• _PROBLEM_: From the line holding "Dua Polwan yang" through the line holding "襟付きの半袖トップスはブイネ" below, write out every line exactly; include both of those lines and drop the pictures.

• _INFORMATION PROVIDED_:
★ ★ ★ ★ ★ ★ ★

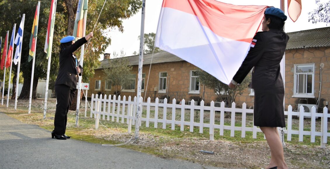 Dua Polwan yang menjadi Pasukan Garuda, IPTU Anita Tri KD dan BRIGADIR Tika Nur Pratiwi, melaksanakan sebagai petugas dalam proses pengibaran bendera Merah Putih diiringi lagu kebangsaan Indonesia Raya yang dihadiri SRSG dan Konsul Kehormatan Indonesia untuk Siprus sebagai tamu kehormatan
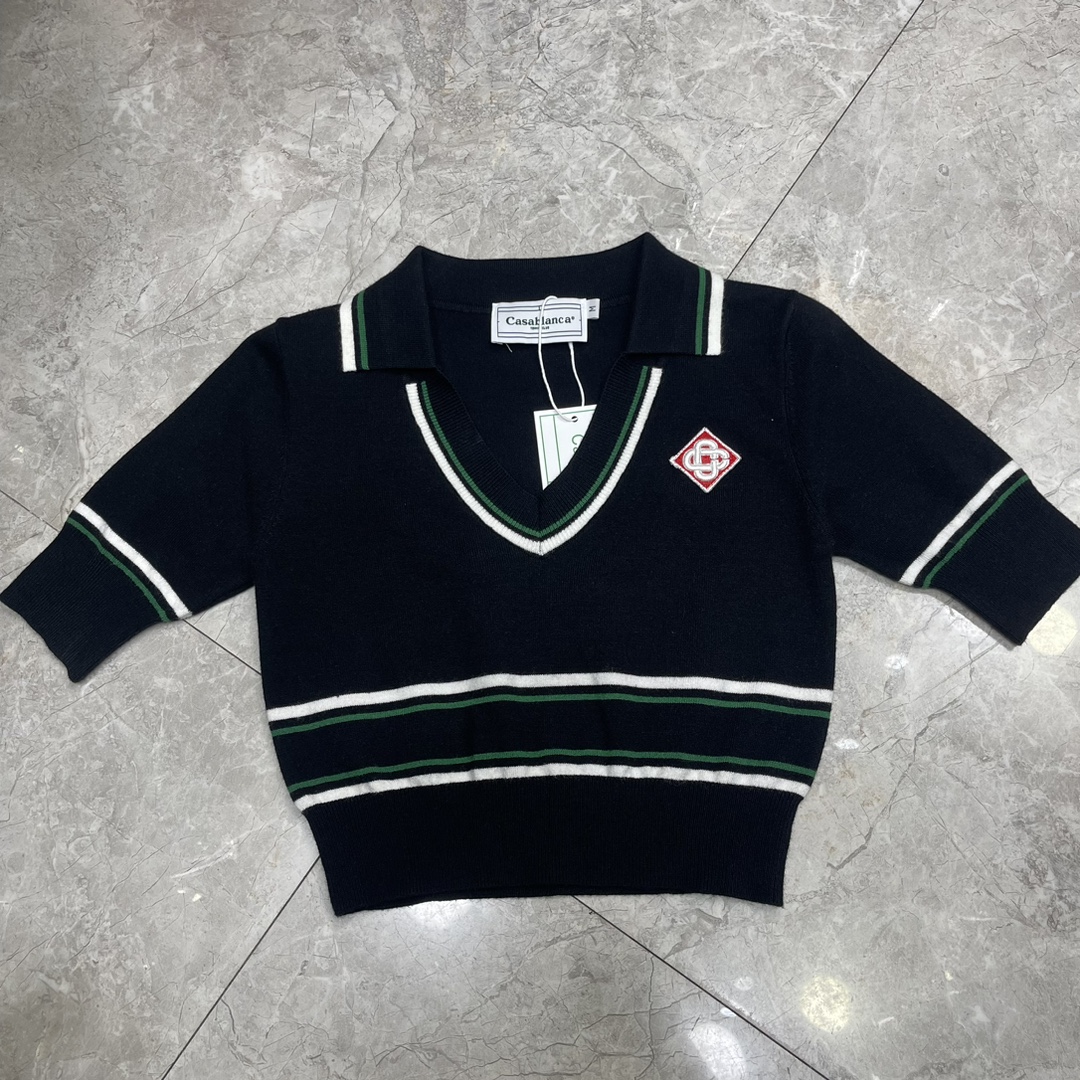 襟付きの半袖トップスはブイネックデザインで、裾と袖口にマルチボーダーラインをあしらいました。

★ ★ ★ ★ ★ ★ ★

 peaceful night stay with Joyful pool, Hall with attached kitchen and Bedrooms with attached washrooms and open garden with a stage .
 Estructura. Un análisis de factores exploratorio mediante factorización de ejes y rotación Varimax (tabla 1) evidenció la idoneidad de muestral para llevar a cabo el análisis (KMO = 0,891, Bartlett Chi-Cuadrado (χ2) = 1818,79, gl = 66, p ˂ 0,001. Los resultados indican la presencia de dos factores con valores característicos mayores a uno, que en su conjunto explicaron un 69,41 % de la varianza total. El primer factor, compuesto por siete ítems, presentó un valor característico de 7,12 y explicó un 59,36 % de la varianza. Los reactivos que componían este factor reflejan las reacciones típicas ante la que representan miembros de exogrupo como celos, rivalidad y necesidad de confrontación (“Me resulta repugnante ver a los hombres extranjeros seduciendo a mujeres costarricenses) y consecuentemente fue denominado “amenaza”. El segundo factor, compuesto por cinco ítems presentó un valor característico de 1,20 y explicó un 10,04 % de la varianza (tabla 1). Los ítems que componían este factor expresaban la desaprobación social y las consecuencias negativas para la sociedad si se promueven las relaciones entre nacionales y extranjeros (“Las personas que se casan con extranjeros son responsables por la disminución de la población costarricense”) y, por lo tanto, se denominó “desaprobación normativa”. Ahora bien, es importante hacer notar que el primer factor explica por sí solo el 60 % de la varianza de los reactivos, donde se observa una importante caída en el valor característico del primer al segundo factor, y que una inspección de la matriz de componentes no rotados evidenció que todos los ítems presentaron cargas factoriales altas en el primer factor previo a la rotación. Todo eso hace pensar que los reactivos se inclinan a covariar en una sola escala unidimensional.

★ ★ ★ ★ ★ ★ ★

• _TASK RESULT_:
 Dua Polwan yang menjadi Pasukan Garuda, IPTU Anita Tri KD dan BRIGADIR Tika Nur Pratiwi, melaksanakan sebagai petugas dalam proses pengibaran bendera Merah Putih diiringi lagu kebangsaan Indonesia Raya yang dihadiri SRSG dan Konsul Kehormatan Indonesia untuk Siprus sebagai tamu kehormatan
 襟付きの半袖トップスはブイネックデザインで、裾と袖口にマルチボーダーラインをあしらいました。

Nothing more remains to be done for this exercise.